--- Provided entries ---

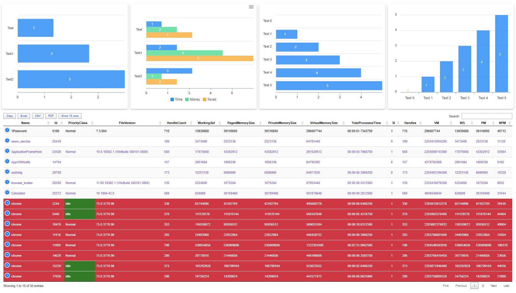 What's important here is that Conditional Table** Formatting** works on JS level. It means PowerShell doesn't take time to generate it. It happens when you open Chrome or Firefox and is processed during runtime. Of course, Panel's can also take Invisible parameter, so you don't need to see those shadows if you don't want to. So not only now you can display Table, download it to Excel, CSV, PDF, but also connect with charts. Cool right?
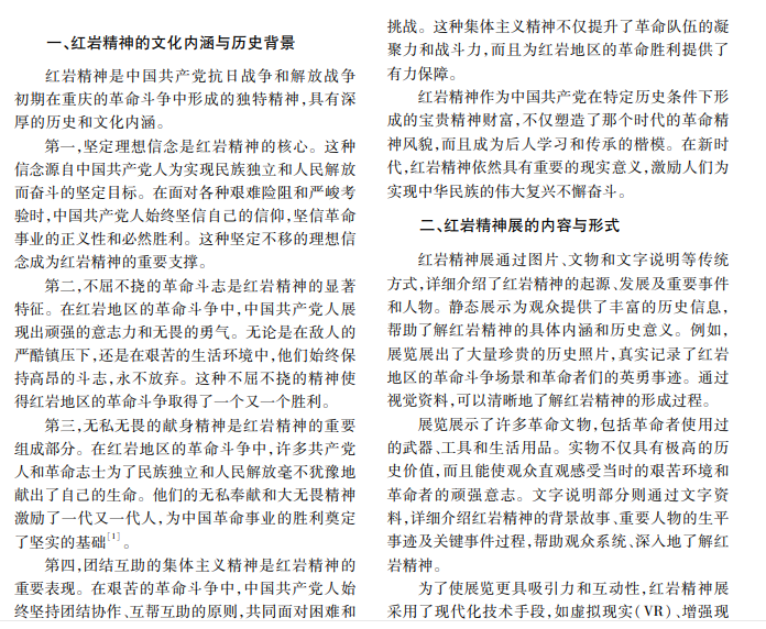 本文以红岩精神展为例,分析其在当代社会中的重要性及其对公众文化素养提升的作用。通过研 究红岩精神展的教育内容、传播方式及影响效果,提出一系列策略,以期提高公众文化素养和增强文化自信。
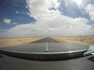 But. We were quite surprised how smooth the crossing had gone. And we were laughing as the border guard explained to us the concept of potholes. "Yes, yes, we know that there are potholes." We kept that in mind for about 10 seconds. The roads were straight and smooth and traffic was non existent -our deathmobile cruised along at 130. Then. The mother of all potholes. There was no going around - there was no breaking - there was just a loud crashing and grinding sound that shook the very core of our being. We stopped and expected carnage under the car. But. Nothing. Absolutely nothing had happened to the car at all. Our bash-plate saved the day. As it did time and time again that day. Now let me tell you about potholes in Mauritania - normally a pothole is just a hole in the road. In Mauritania you have nice straight roads of surprisingly good asphalt. The surprise is even greater when the road seizes to exist for 2-3m and instead of the road there is a 30-40cm dip. The first pothole we got to claimed at least two cars from our rally. Amongst them a 4x4 mobile home - a car laden with equipment and gear. We commented on it in camp earlier - saying that this was the way to do the rally - travel in style.
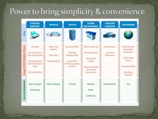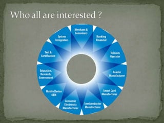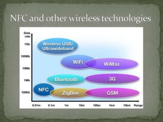 The document discusses Near Field Communication (NFC), a short-range wireless connectivity standard that allows data exchange between devices over short distances. It operates at 13.56 MHz and can transfer data at rates from 106-424 kbps. NFC offers automatic connection establishment, low energy usage, and compatibility with existing RFID infrastructure. However, it does not ensure secure communication or protect against attacks. The document outlines usage models, communication modes, implementation options, applications, Android support details, and key industry developments around NFC adoption.
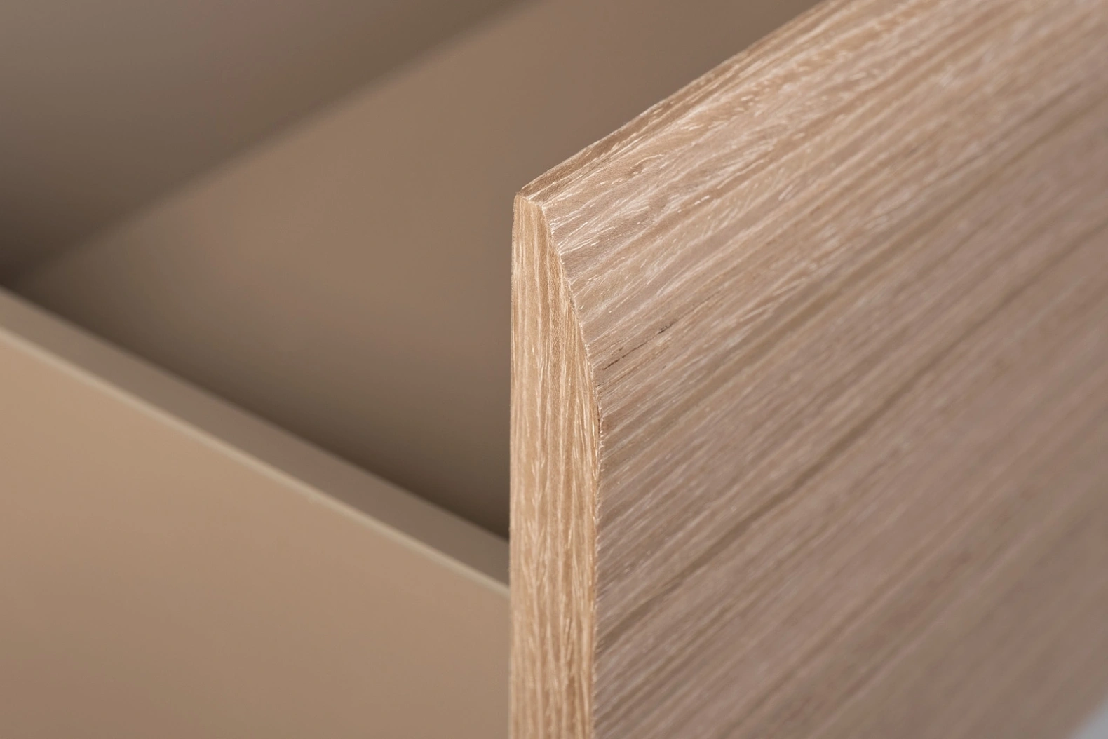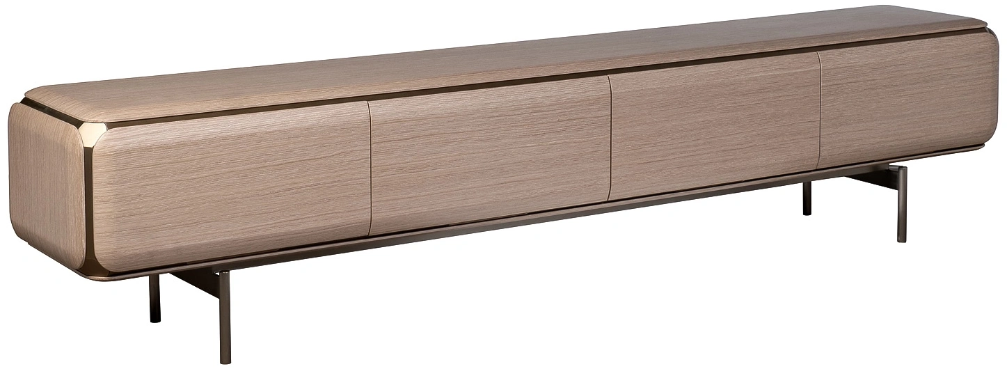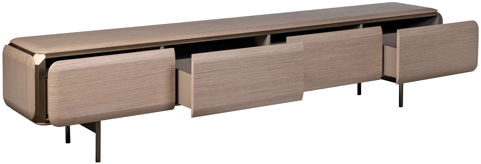 Эта тумба под телевизор — не просто функциональный элемент, а эстетический акцент современной гостиной. Мягкие скруглённые формы, тёплый древесный оттенок и утопленные фасады создают ощущение спокойной ритмики и визуального порядка. Четыре вместительных ящика позволяют скрыть всё лишнее, сохраняя интерьер лаконичным. Телевизионная тумба органично впишется в пространство в минималистичном или скандинавском стиле, а также дополнит интерьер современной классики.
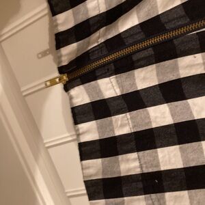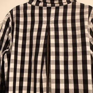 Checked black and white all year jacket. It has a little swing to it.pockets. A zipper in back if you want yo wear open to show your top from the back. It’s cute zipped or unzipped. Has black trim down front. No
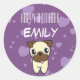 Super Cute Pug Purple Heart Design Classic Round Sticker

---

Print exactly the lines above that run from the one with "But. We were" down to the one with "Эта тумба под", and omit the pictures.

▸ Answer to this exercise:
 But. We were quite surprised how smooth the crossing had gone. And we were laughing as the border guard explained to us the concept of potholes. "Yes, yes, we know that there are potholes." We kept that in mind for about 10 seconds. The roads were straight and smooth and traffic was non existent -our deathmobile cruised along at 130. Then. The mother of all potholes. There was no going around - there was no breaking - there was just a loud crashing and grinding sound that shook the very core of our being. We stopped and expected carnage under the car. But. Nothing. Absolutely nothing had happened to the car at all. Our bash-plate saved the day. As it did time and time again that day. Now let me tell you about potholes in Mauritania - normally a pothole is just a hole in the road. In Mauritania you have nice straight roads of surprisingly good asphalt. The surprise is even greater when the road seizes to exist for 2-3m and instead of the road there is a 30-40cm dip. The first pothole we got to claimed at least two cars from our rally. Amongst them a 4x4 mobile home - a car laden with equipment and gear. We commented on it in camp earlier - saying that this was the way to do the rally - travel in style.
 The document discusses Near Field Communication (NFC), a short-range wireless connectivity standard that allows data exchange between devices over short distances. It operates at 13.56 MHz and can transfer data at rates from 106-424 kbps. NFC offers automatic connection establishment, low energy usage, and compatibility with existing RFID infrastructure. However, it does not ensure secure communication or protect against attacks. The document outlines usage models, communication modes, implementation options, applications, Android support details, and key industry developments around NFC adoption.
 Эта тумба под телевизор — не просто функциональный элемент, а эстетический акцент современной гостиной. Мягкие скруглённые формы, тёплый древесный оттенок и утопленные фасады создают ощущение спокойной ритмики и визуального порядка. Четыре вместительных ящика позволяют скрыть всё лишнее, сохраняя интерьер лаконичным. Телевизионная тумба органично впишется в пространство в минималистичном или скандинавском стиле, а также дополнит интерьер современной классики.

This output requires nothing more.